EXERCISE GOAL:
Your copy should hold exactly the lines from the one containing "At an intimate" through the last line of the entries, and no pictures.
++++++
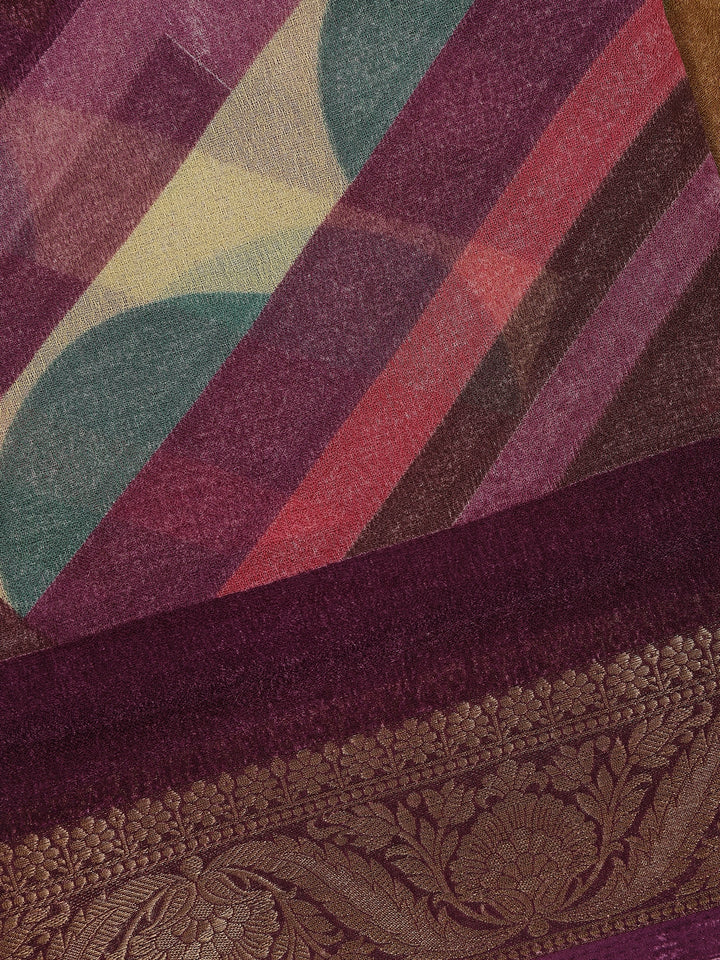 Elegance meets contemporary charm in this Maroon Geometric Design Linen Cotton Saree. Tailored from a lightweight linen-cotton fabric, this saree offers exceptional comfort and a refined texture perfect for day-long wear.
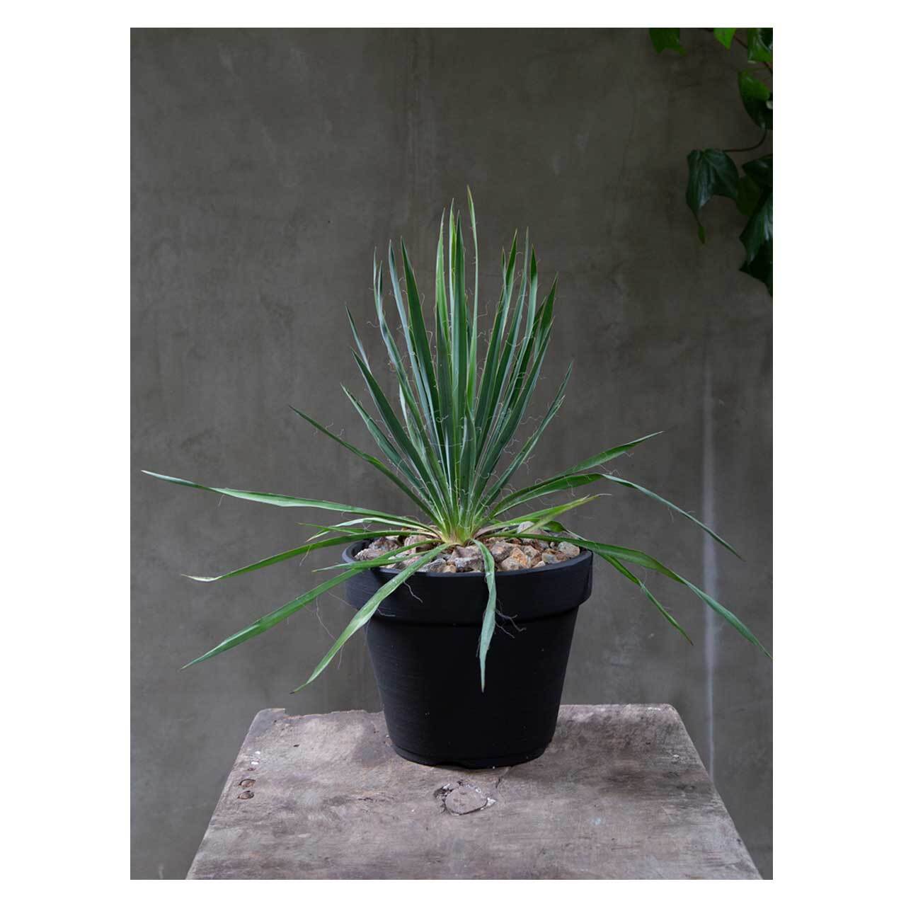 幹が極めて短く立ち上がらず、ユッカ属の中では比較的コンパクトな品種。葉は粉白を帯びた緑色で細長く、葉先に棘がありますが、他のユッカに比べるとかなりマイルドな棘なので、置き場所にあまり気を使わずに済むのも嬉しいところです。アメリカ南部の原産ですが、葉の感じなどは熱帯の植物のような雰囲気もありつつ、暑さだけでなく寒さにもそこそこ強いので、観葉植物としての取り入れやすさも◎。
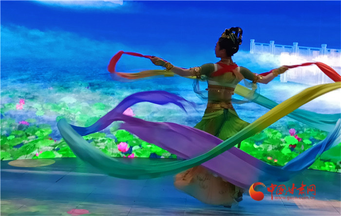 如意甘肅館選擇“以鹿王本生圖”中的綠色作為設(shè)計(jì)的主色調(diào),將敦煌元素鑲嵌在展館各個(gè)角落。特別是門口的展演舞臺(tái),經(jīng)典舞劇《絲路花雨》展演的反彈琵琶、敦煌伎樂(lè)天等將觀眾帶入了有聲有色的敦煌,成為如意甘肅館的一大吸睛之處。
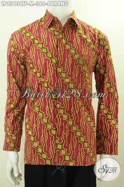Baju Batik Merah Lengan Panjang Motif Parang, Kemeja Batik Full Furing Halus Proses Cap Tulis Pas Banget Untuk Rapat [LP8313CTF-M]
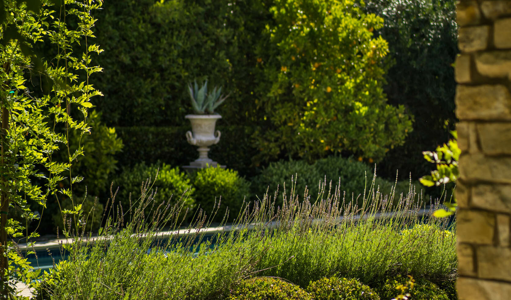 At an intimate wine country retreat in St. Helena, Douglas created a series of raised planters constructed from redwood beams, situated around a central stone fountain that attracts butterflies and hummingbirds. “The strong geometry elevates the space, making it look as elegant and sophisticated as any ornamental element,” says Douglas of a garden that achieves a delicate balance of rusticity and refinement.
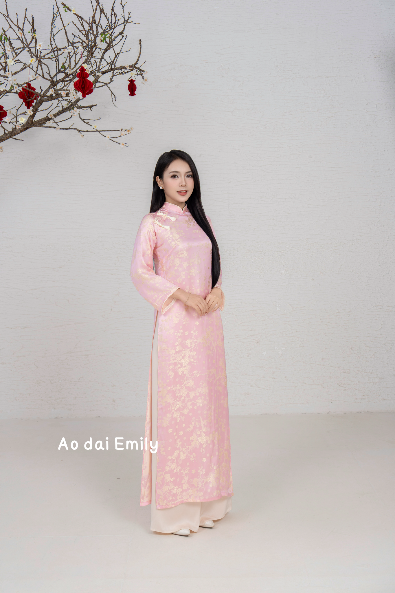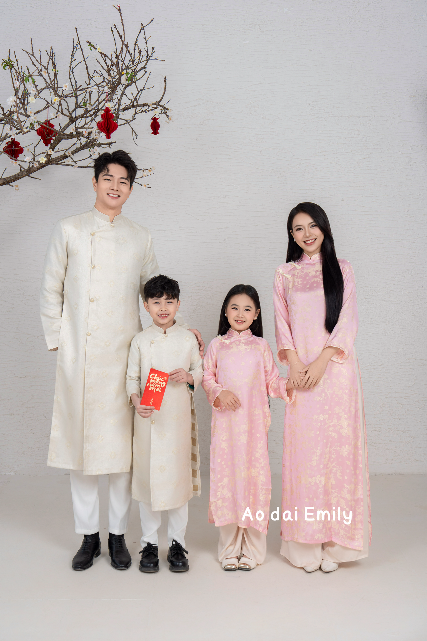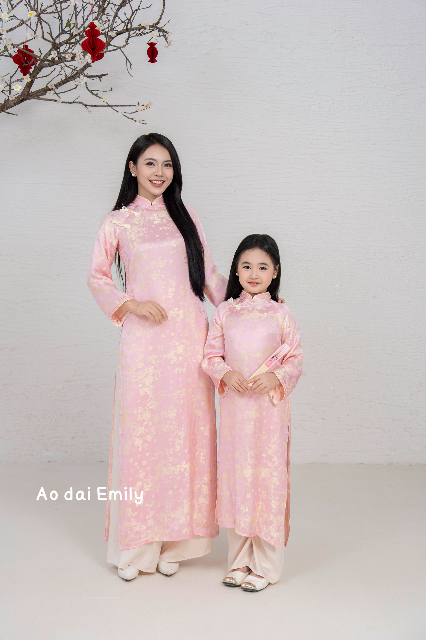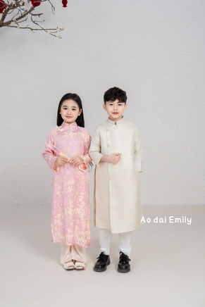 Pink/Cream Matching Family Spring Ao Dai Set| Pre-made Ao Dai for Lunar New Year | Ao Dai Gia Dinh Tet| Ao dai for Family
++++++
EXERCISE RESULT:
 At an intimate wine country retreat in St. Helena, Douglas created a series of raised planters constructed from redwood beams, situated around a central stone fountain that attracts butterflies and hummingbirds. “The strong geometry elevates the space, making it look as elegant and sophisticated as any ornamental element,” says Douglas of a garden that achieves a delicate balance of rusticity and refinement.
 Pink/Cream Matching Family Spring Ao Dai Set| Pre-made Ao Dai for Lunar New Year | Ao Dai Gia Dinh Tet| Ao dai for Family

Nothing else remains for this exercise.